Я смотрю на его тонкие пальцы, и хочется прикоснуться к ним, хочется, чтобы они погладили меня по щеке, пробежали по затылку. Я хочу, чтобы он остался. Остался не потому, что надо заполнить образовавшуюся пустоту…

— Закрывай глаза, — тихонько шепчет он, и его дыхание касается моей шеи.

Я послушно закрываю глаза и, замерев, жду. Он приподнимается с пола, где все время сидел.

— Не уходи.

— Я не уйду. Спи.

У него зачаровывающий голос. Мне становится неловко, хочется окончательно оглохнуть, чтобы не слышать его мягкий, вкрадчивый тембр. Кажется, я снова маленькая девочка и мне приснился сказочный принц с золотыми волосами.

— Ты мне снишься, — бормочу я, вдруг охрипнув, не открывая глаз, и обхватываю его шею руками, чувствуя мягкость золотых волос и приятное тепло кожи.

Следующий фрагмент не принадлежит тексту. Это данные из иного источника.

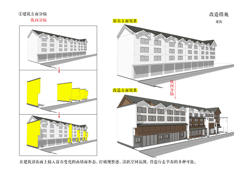 在建筑沿街面上插入富有变化的山墙面形态,打破规整感,活跃空间氛围,营造行走节奏的多种可能。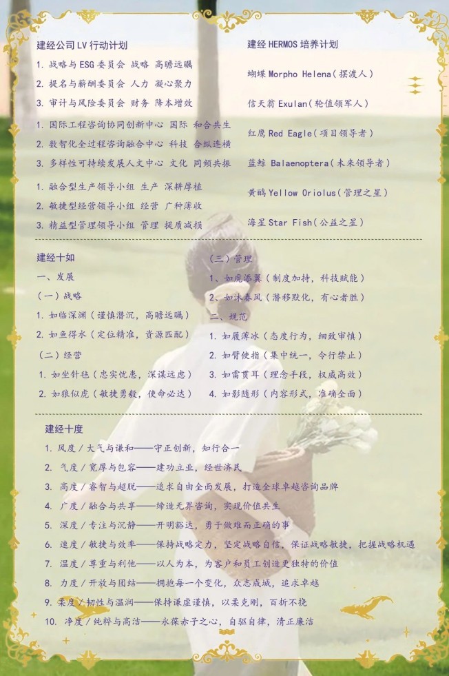 風度是企業的“外在名片”,如建經咨詢在國際化合作中堅守法律底線,同時敢于突破傳統咨詢模式(如成立律所、整合設計與造價業務),既保持專業嚴謹,又以開放姿態擁抱變革,形成“大氣而謙和”的行業形象。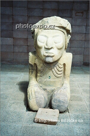 Socha nalezená v archeologickém komplexu Tiwanaku a umístěná v jednom ze dvou místních muzeí. Bolívie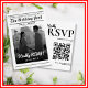 newspaper qr code rsvp card, modern wedding response insert, elegant black and white rsvp, digital rsvp wedding card, scan to rsvp invitation, wedding rsvp with qr code, unique editorial wedding stationery, tech-savvy rsvp card design, newspaper style wedding insert, printable wedding rsvp postcard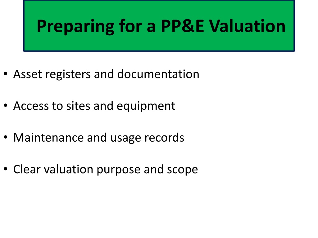 Asset registers and documentation • Access to sites and equipment • Maintenance and usage records • Clear valuation purpose and scope Preparing for a PP&E Valuation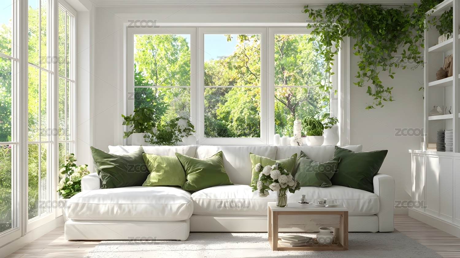 大窗绿植旁白色沙发配绿抱枕的客厅

От него исходит тонкий, едва уловимый, аромат одеколона и еще чего-то незнакомого, волнующего. Он гладит меня по голове и баюкает, как младенца. Открыв глаза, я вижу его удивленный взгляд, мне кажется, он даже испуган. Больше всего на свете мне нужен сейчас этот рыжеволосый человек с синими глазами, который видит меня насквозь и, похоже, способен чувствовать и понимать меня. Мы так близко друг к другу. Он прячет свое лицо у меня на шее, и горячая волна захлестывает все на свете.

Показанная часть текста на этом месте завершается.